Beautiful but criminally naive. The average English secondary - not high - school pupil - not student - has at best the haziest notion of who Shakespeare is let alone the plays what he wrote. (Ernie Wise passim.)

We have surrendered all our history. We are a barbaric land and people.

Howard said...

Shakespeare? You jest. It has been banned by most school districts by now because the feminists claim his plays are sexist, and Blacks claim they are racist. Check it out. "Oh what a peasant slave am I?" is now but a memory for old white guys; the preferred being something to do with ho's, niggahs, and MFs.

TMink said...

"Was it a millionaire who said "Imagine no posession?"
A poor little school boy said
"We don't need no lessons."

Shakespeare rocks. As does Scalia.

Dead white men are the bomb.

Trey

John Kindley said...

What is our most fundamental "constitutional tradition," the one that confers any legitimacy a government might claim to have in the first place?

"That to secure these rights, Governments are instituted among Men, deriving their just powers from the CONSENT OF THE GOVERNED."

Now, when did any of us consent to the government or particular powers it exercises over us?

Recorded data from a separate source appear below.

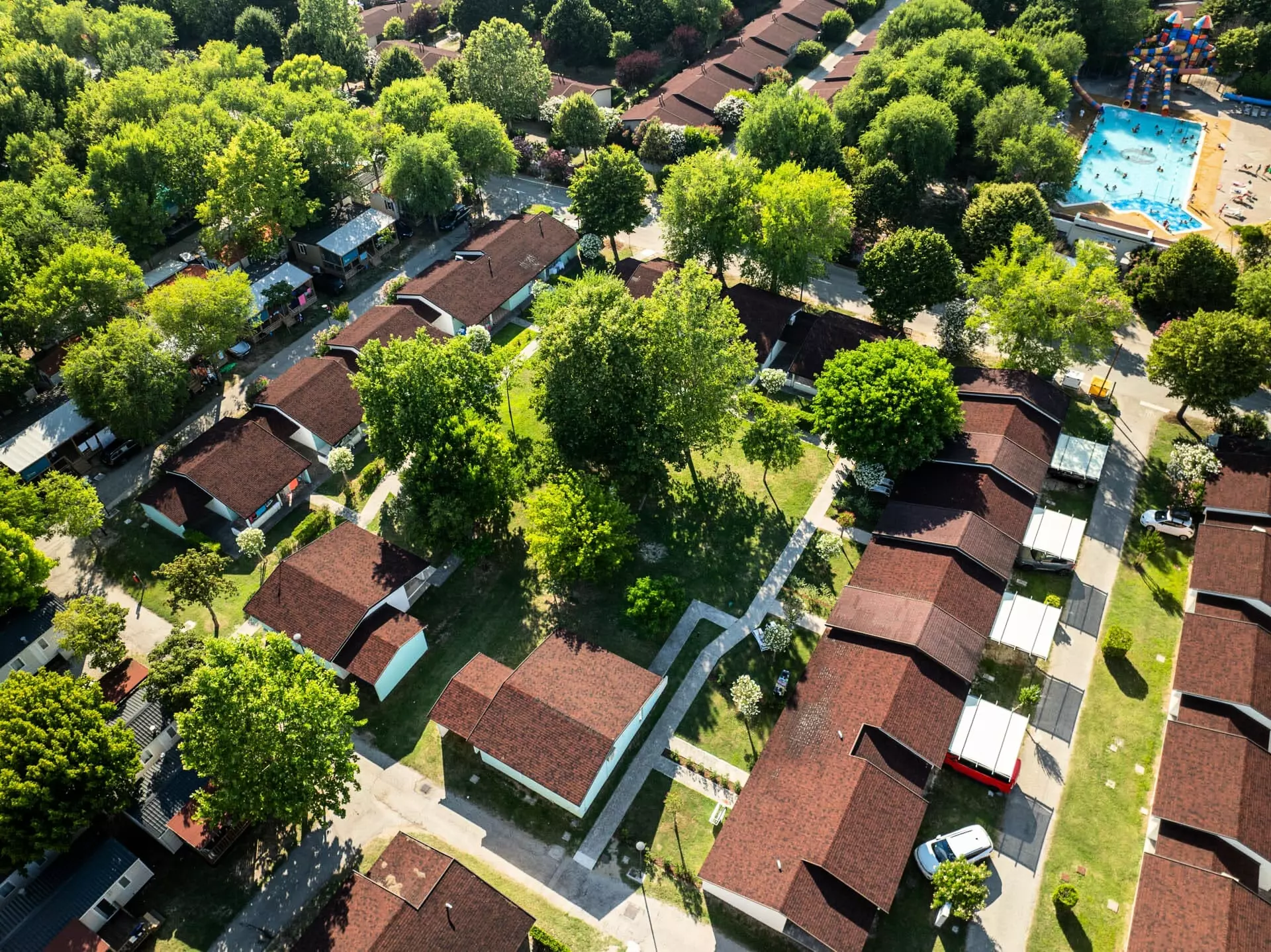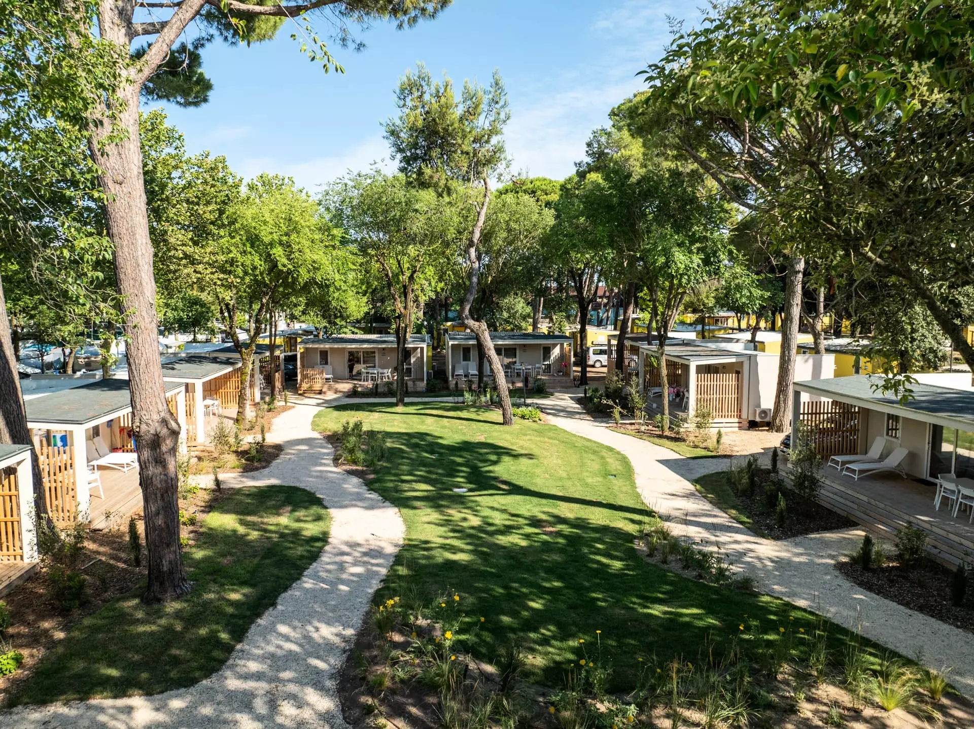 Petites maisons mitoyennes (pour 5 personnes) entourées de végétation, avec une grande zone verte commune au centre, situées dans les zones Belvedere et Penelope. Les animaux domestiques sont autorisés dans ce type d'hébergement moyennant un supplément.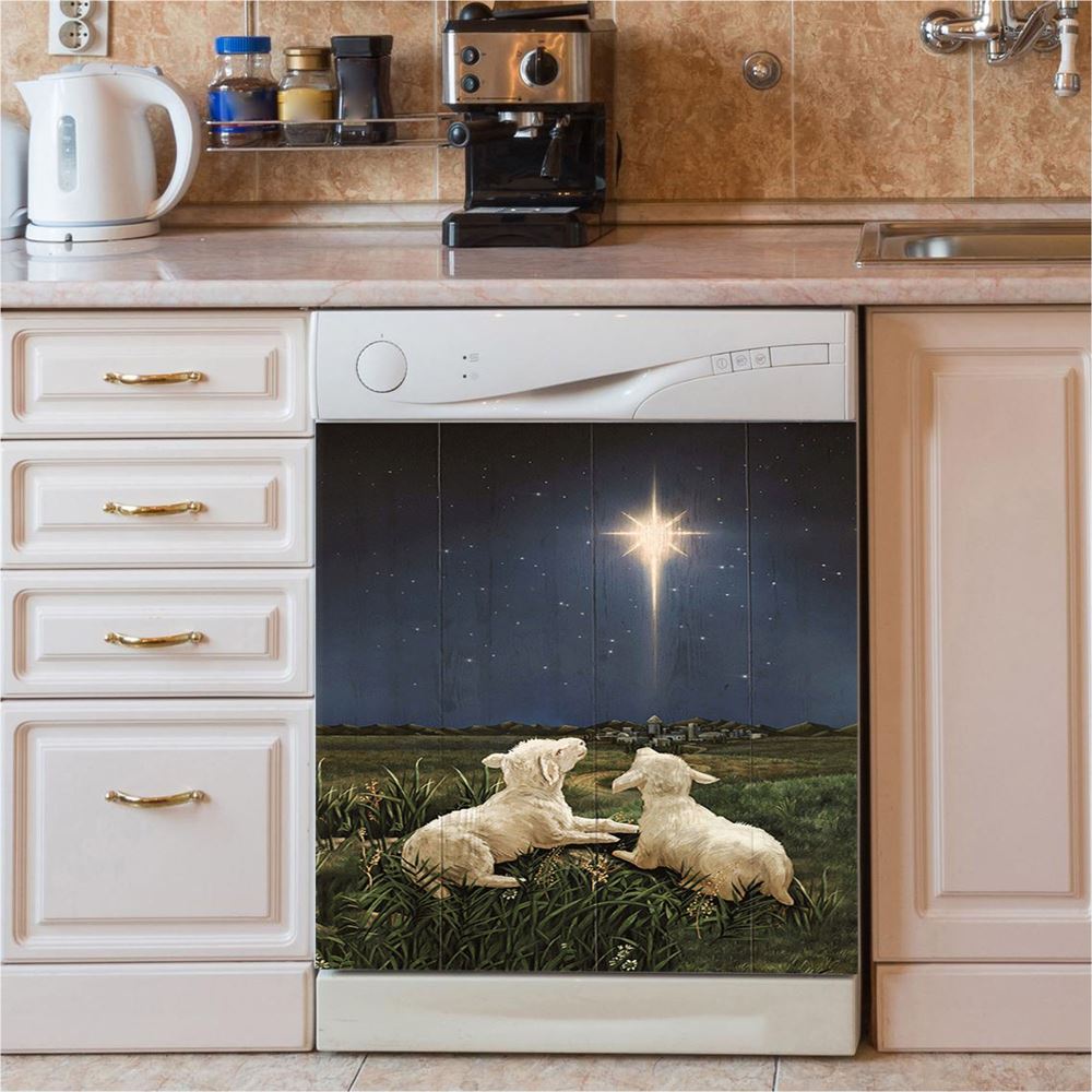Lambs Look At The Light Star Of Bethlehem Dishwasher Cover, Lion Dishwasher Wrap, Christian Kitchen Decoration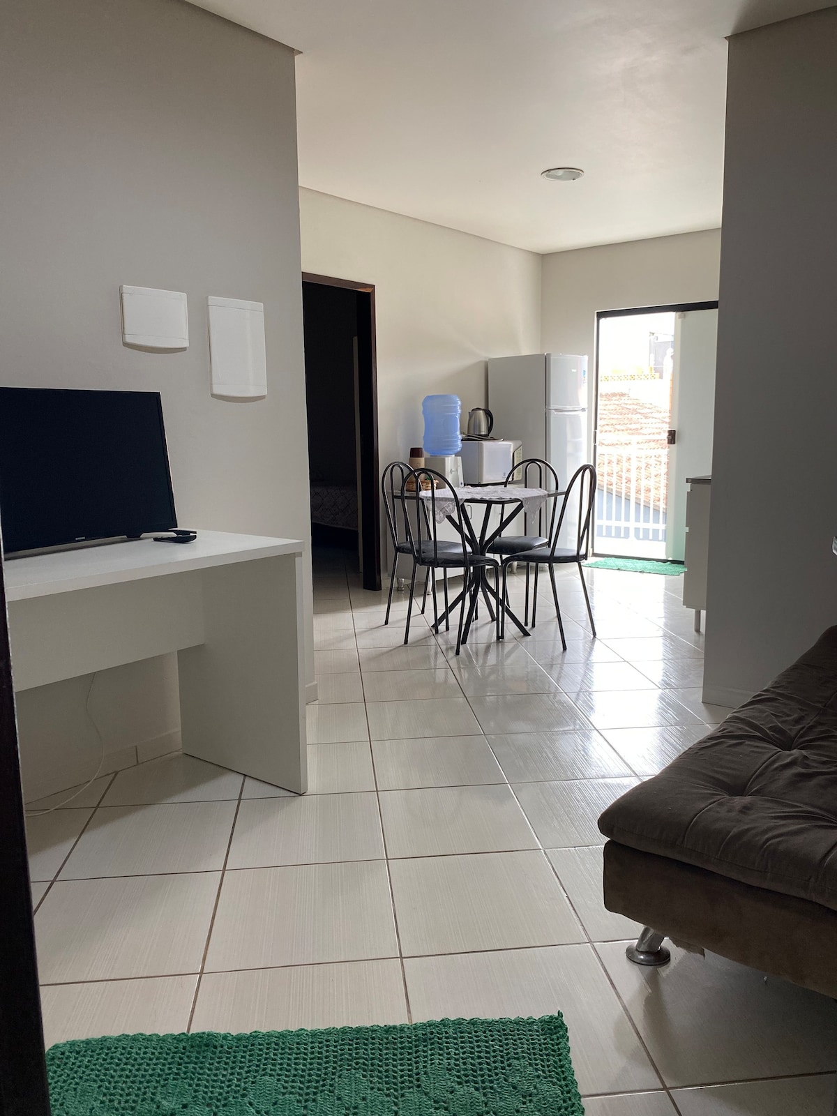 Practical and cozy space with all basic kitchen items, 2 TVs, one in the living room and one in the bedroom with several channels and apps. Next to the Municipal Market, Joinville Cathedral, Rua das Palmeiras, shops, banks, right in the heart of the city. Quiet and pleasant place, with its own garage. An easily accessible place for you to get around on foot without worrying about traffic. Note: There is a private parking space, but it is for a small car.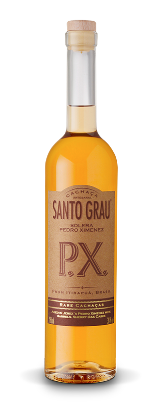 Santo Grau’s line of special cachaça aged by the traditional system of Solera in barrels (Sherry Oak Casks) that aged wines from Jerez, Spain. Our cachaças always have a story to tell in their recipes. Produced in centenary mills and always crafted with respect to the origins and thirst for innovation, our labels stand out for their care in the production process. From the Cachaças Raras de Engenho line, the Santo Grau Solera Pedro Ximenes (PX) and the Santo Grau Solera Cinco Botas are produced at the Itirapuã mill, in São Paulo. The two cachaças are produced through a dynamic ageing process unique to the region of Jerez, called Solera. With barrels stacked in a line, old and new liquids blend together to always ensure the same quality. And all this happens under the diligent care of the Figueiredo Cristófani family, who have five generations taking care of mills with the same dedication to the art of crafting striking and tasty cachaça. Santo Grau Solera Pedro Ximenes is aged in the same barrels used in the production of Jerez’s oldest wine, Pedro Ximenes. It is a soft drink, naturally sweetened with the essence of wine and grape characteristics.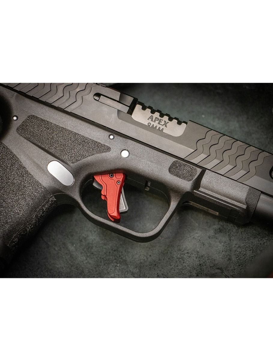 Save big on performance without sacrificing function. This Blemish Action Enhancement Trigger for Springfield Hellcat and Hellcat Pro delivers the same smooth, crisp pull and reduced reset you expect from Apex, all at a discounted price of $65. The only difference is the finish: a dark red matte color caused by a vendor anodizing error. Mechanically, each trigger measures within our standard tolerances, so you get the same reliable performance for concealed carry, range practice, or hunting sidearm use.

For a good lawyerly analysis of this question, check out Lysander Spooner's classic "No Treason: The Constitution of No Authority," available at www.lysanderspooner.org, a website created by law prof and Volokh Conspiracy contributor Randy Barnett. I also tentatively (because I'm still in the process of reading it) recommend Barnett's extensive riff on "No Treason"'s argument, "Restoring the Lost Constitution."